- EXERCISE -
From the listing that follows, reproduce only the lines from the one holding "Dubbelrum med balkong." through the one holding "ちょっとした潮風の香りと、アスファルトではない感触にちょっと歩きやすい感じ", both included, with no pictures.

- DATA FOR REVIEW -
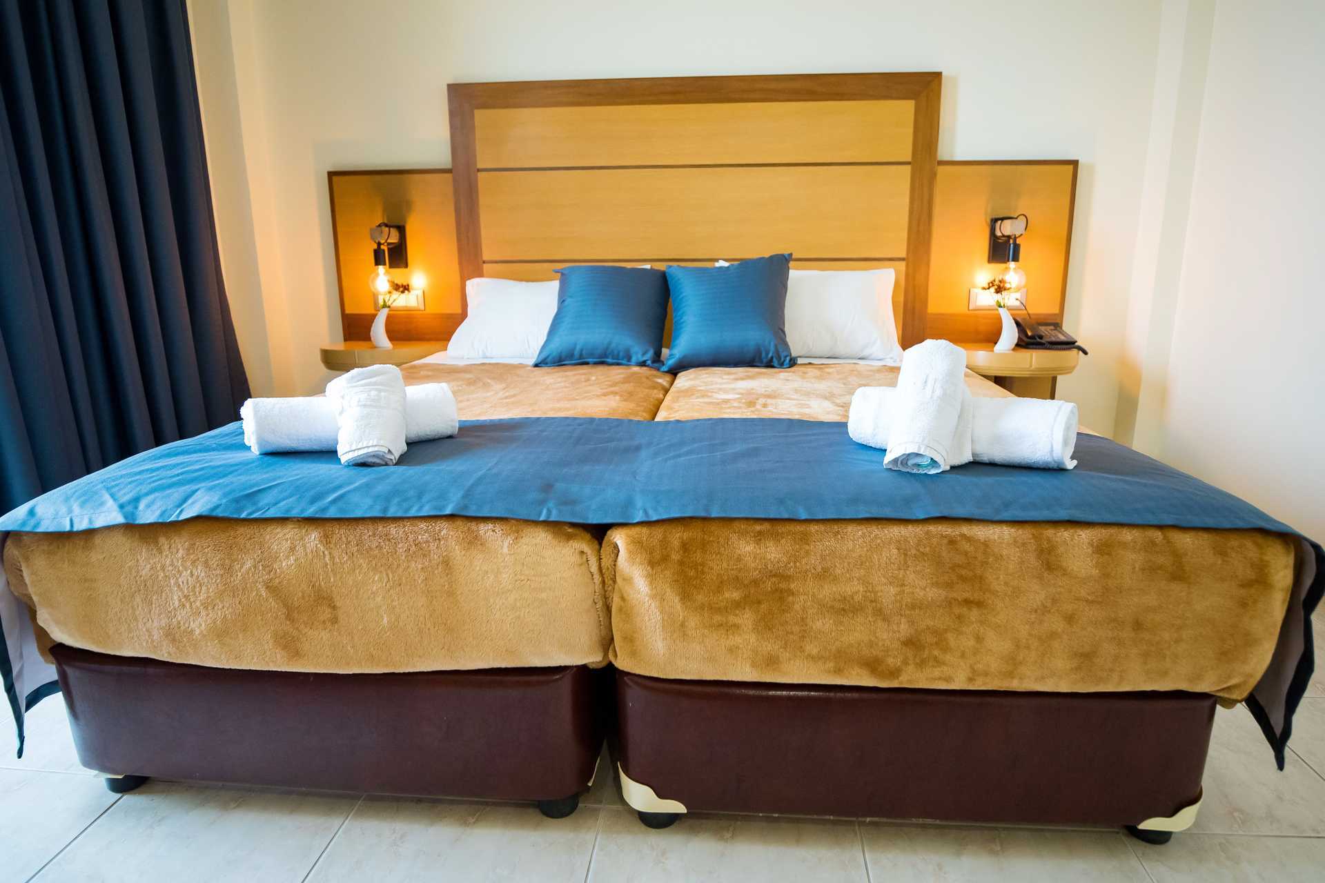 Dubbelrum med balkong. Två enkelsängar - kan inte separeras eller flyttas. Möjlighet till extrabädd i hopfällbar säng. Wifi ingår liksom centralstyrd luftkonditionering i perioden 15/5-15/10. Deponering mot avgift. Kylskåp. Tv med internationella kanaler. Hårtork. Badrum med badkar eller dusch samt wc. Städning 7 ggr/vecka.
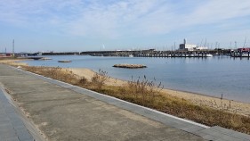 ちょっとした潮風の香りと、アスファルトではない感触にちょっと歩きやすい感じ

--

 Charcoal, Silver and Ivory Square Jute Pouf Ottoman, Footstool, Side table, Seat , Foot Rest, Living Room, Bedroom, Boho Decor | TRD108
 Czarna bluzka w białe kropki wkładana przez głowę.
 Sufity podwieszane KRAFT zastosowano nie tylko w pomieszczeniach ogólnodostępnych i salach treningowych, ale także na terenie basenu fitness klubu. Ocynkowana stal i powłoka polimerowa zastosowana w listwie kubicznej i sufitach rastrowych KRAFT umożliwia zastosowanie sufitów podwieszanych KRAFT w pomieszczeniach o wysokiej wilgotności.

- ANSWER SPACE -
 Dubbelrum med balkong. Två enkelsängar - kan inte separeras eller flyttas. Möjlighet till extrabädd i hopfällbar säng. Wifi ingår liksom centralstyrd luftkonditionering i perioden 15/5-15/10. Deponering mot avgift. Kylskåp. Tv med internationella kanaler. Hårtork. Badrum med badkar eller dusch samt wc. Städning 7 ggr/vecka.
 ちょっとした潮風の香りと、アスファルトではない感触にちょっと歩きやすい感じ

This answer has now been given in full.